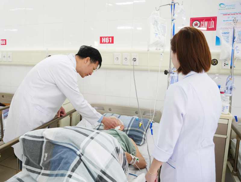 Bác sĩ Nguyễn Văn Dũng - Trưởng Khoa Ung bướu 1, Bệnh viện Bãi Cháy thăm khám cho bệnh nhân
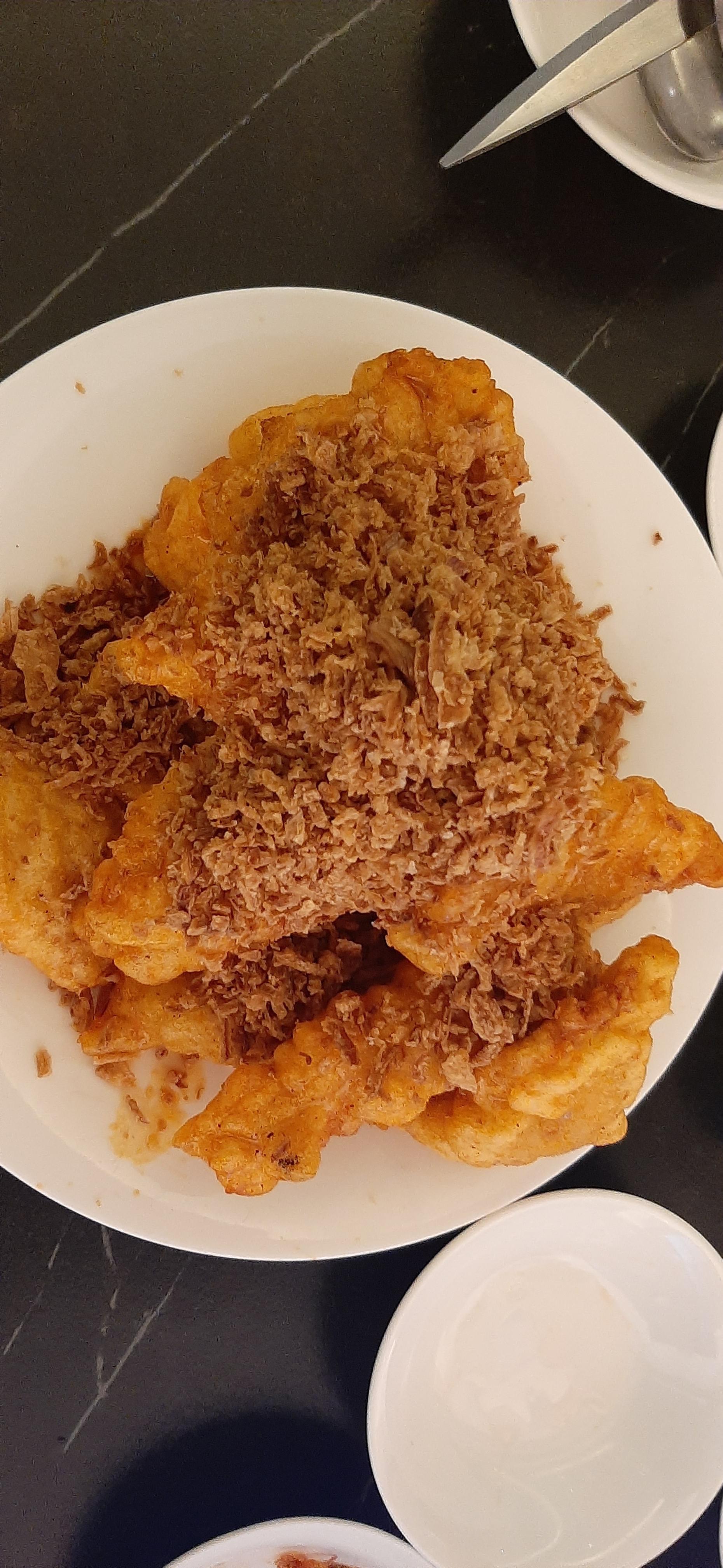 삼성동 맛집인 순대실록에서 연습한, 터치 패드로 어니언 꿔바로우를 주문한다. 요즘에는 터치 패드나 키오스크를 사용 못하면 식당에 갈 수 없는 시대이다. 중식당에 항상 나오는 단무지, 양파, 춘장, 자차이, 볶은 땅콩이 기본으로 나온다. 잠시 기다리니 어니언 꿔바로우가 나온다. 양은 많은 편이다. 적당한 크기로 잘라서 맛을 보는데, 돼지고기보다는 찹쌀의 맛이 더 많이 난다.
--
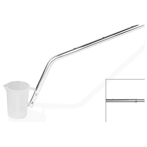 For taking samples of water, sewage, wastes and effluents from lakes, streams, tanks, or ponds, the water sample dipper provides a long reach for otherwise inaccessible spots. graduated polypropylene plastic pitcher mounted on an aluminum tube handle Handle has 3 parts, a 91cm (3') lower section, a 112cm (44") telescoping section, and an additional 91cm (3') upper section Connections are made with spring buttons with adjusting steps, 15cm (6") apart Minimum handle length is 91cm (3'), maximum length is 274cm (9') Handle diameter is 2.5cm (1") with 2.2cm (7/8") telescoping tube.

> _Work request_
Please copy the lines above exactly, starting at the line that holds "Bác sĩ Nguyễn" and ending at the line that holds "삼성동 맛집인 순대실록에서"; include both, but no pictures.

> _Task result_
 Bác sĩ Nguyễn Văn Dũng - Trưởng Khoa Ung bướu 1, Bệnh viện Bãi Cháy thăm khám cho bệnh nhân
 삼성동 맛집인 순대실록에서 연습한, 터치 패드로 어니언 꿔바로우를 주문한다. 요즘에는 터치 패드나 키오스크를 사용 못하면 식당에 갈 수 없는 시대이다. 중식당에 항상 나오는 단무지, 양파, 춘장, 자차이, 볶은 땅콩이 기본으로 나온다. 잠시 기다리니 어니언 꿔바로우가 나온다. 양은 많은 편이다. 적당한 크기로 잘라서 맛을 보는데, 돼지고기보다는 찹쌀의 맛이 더 많이 난다.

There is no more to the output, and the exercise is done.